I agree to most of the comments posted on this thread. My experience with IDP was terrible, from hall arrangements to result announcement. They withheld my result for 40 days ( reason given was random qaulity checks ) and only to my surprise i was given 6 in speaking. Applied for reevaluation, and it was another 60 days wait. Needless to say, customercare behaviour was very rude, as if I am availing some free service from them.

My frank opinion is to go for BC instead of IDP. Atleast we can avail a professional conduct of exam and after-exam services.


----------



## JBY (May 17, 2011)

TorukMakto said:


> Hi Guys,
> 
> Just wanted to warn you if you are planning to appear for IELTS then I would suggest not to go through IDP. Besides there mismanagement in conducting the exams they also failed to deliver the results in time.
> 
> ...


There seems to be alot of hate against IDP, there is some legitamte issues with IELTS testing as a whole so its understandable. 
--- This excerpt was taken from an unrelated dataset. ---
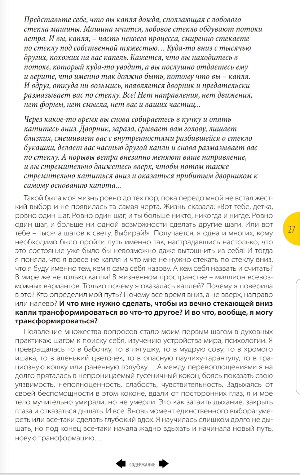 И тогда, я поняла, что я вовсе не капля. И что мне не нужно стекать по стеклу вниз. Что я буду именно тем, кем я сама себя назову. А кем себя назвать и считать? В мире же не только капли! Там миллион всевозможных вариантов в пространстве жизни. Только почему я оказалась каплей? Почему я поверила в это? Кто определил мой путь? Почему все время вниз, а не вверх, направо или налево? И что мне нужно сделать, чтобы из вечно стекающей вниз капли трансформироваться во что -то другое? И во что вообще я могу трансформироваться?

However i personally had a good experience. But keep in mind i did it in Doha back then


----------



## evangelist (Oct 5, 2014)

I too had a decent experience with IDP. Honestly, nothing to complain about - right from the registration through the exam and results. BC dates were all booked up for 3 months when I registered, so IDP was the only option. IDP conducts the general tests more frequently than BC. Came to know from the invigilator about the dramatic rise in ielts applicants over last 6 months. Not sure if that is reason for the issues some of the guys on the forum faced.


----------